The Empty Tomb

Easter Sunday: Acts of the Apostles 10:34a, 37-43, Colossians 3:1-4, John 20:1-9.

Today’s readings uncover the truly baffling nature of the empty tomb. We rejoice, 2,000 years later because the full revelation of the Resurrection is known. We sing Alleluia! with abandon, but today’s readings remind us that His rising from the dead was unexpected and incomprehensible on the morning after Passover, even for those who believed in Him as the Messiah.

Mary Magdalene on Christ’s Tomb (c.1900), Giuseppe Calì | image from artnet.com.

In the gospel, Mary Magdalene, driven by her love of Jesus, goes to the tomb early in the morning after Passover, “while it was still dark.” The darkness is emblematic of the encounter at the tomb for her and, later, Peter and John. Mary is so discombobulated by the sight of the stone that is rolled away that she runs back to the apostles without even looking in. She thinks that someone stole His body: “They have taken the Lord from the tomb, and we don’t know where they put him.” Perhaps the “they” she refers to are the guards, the Romans. 

The state of the burial cloths is even more confusing for them. Peter and John see “the burial cloths there, and the cloth that had covered his head, not with the burial cloths but rolled up in a separate place.” This is not the scene of a tomb being pilfered or a simple act of transferring a body somewhere else. St. John Chrysostom writes:

If any persons had removed the body, would they before doing so have stripped it; or if any had stolen it, would they have taken the trouble to remove the napkin, and roll it up, and lay it in a place by itself; but how? They would have taken the body as it was. On this account John tells us by anticipation that it was buried with much myrrh, which glues linen to the body not less firmly than lead; in order that when you hear that the napkins lay apart, you may not endure those who say that He was stolen. For a thief would not have been so foolish as to spend so much trouble on a superfluous matter. For why should he undo the clothes? And how could he have escaped detection if he had done so? Since he would probably have spent much time in so doing, and be found out by delaying and loitering. But why do the clothes lie apart, while the napkin was wrapped together by itself? That you may learn that it was not the action of men in confusion or haste, the placing some in one place, some in another, and the wrapping them together (Homily 85 on the Gospel of John, 4).

I had no idea that myrrh “glues linen to the body not less firmly than lead.” Thank you to Chrysostom for pointing that out. Chrysostom indentifies that the care taken not just to unwrap the body but also lay the head covering (“napkin”) aside separately means that something altogether different happened. Something deliberate, something careful, something unafraid. Yet something that is still hidden from them.

The Disciples Peter and John running to the sepulchre on the morning of the Resurrection (1898), Eugène Burnand | Image from eugene-burnand.com.

Which makes me wonder what is meant when John says of himself, “he saw and believed,” when he follows it with “For they did not yet understand the Scripture that he had to rise from the dead.” I think that John and Peter have the seeds of hope when they encounter the empty tomb in the state it is in.
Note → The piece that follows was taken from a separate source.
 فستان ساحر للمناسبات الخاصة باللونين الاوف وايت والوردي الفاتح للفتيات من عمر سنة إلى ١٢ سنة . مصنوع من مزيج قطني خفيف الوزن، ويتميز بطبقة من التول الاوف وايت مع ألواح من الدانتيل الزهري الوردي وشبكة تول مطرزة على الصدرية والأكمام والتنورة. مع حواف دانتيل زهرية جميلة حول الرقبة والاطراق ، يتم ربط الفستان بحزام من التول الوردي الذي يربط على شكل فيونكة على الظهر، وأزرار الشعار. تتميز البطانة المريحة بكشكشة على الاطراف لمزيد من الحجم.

They believe in the possibility of all the hints that Christ gave them about them seeing Him again after He dies. They have yet to meet Him in His Resurrected Body. The angels have yet to explain to Mary what happened. This is the moment of hope! Humanity sees order, care, and absence where there should be death. What a mysterious but wonderful sight. Mourning is no longer appropriate, but instead hope — maybe, just maybe, all those incredible things Jesus told us are true!
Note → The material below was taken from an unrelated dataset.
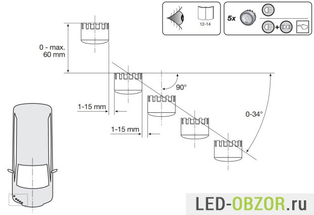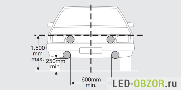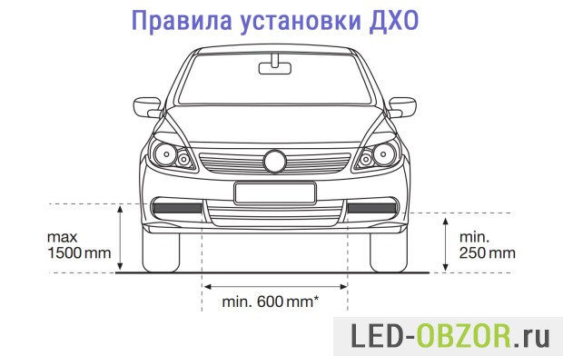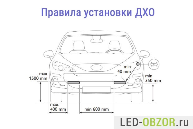 - сила света от 400 до 800 Кандел на каждый DRL;

The empty tomb is the picture of our new reality: the place of death has been ransacked and re-ordered. Mysterious hope fills us but God remains out of sight; we must trust the Lord’s Word and grow together as a Church in the sacraments He has given us until we meet Him face-to-face.

 

Even in the decades after His Resurrection, St. Paul in today’s second reading writes of a “hiddenness” that characterizes Christianity: “For you have died, and your life is hidden with Christ in God. When Christ your life appears, then you too will appear with him in glory.” This is the wonderful mystery we are able to live to this very day. People bemoan this state, they want proof that God exists, but what we are given is the empty tomb. This is, in fact, proof, albeit proof of a different type. We have to remember that God fundamentally wants us to yearn for Him, to thirst for Him, to live in a differently ordered way that shows how central He is to us despite His hiddenness. He has given us free will, but “to whom much is given, much will be required” (Lk 12:48). We are called to use our free will to choose His will precisely because He gave us the empty tomb, His ordered absence that speaks volumes.

Of course, much more is given to us. He will appear to his disciples and His Spirit explodes into the world in all its fullness, working amidst humanity constantly and to this day. All of this is most evident in the liturgy, in the sacraments.

But for now, let us consider the empty tomb, the mystery of His disappearance from the grip of death. It is the surest sign we require.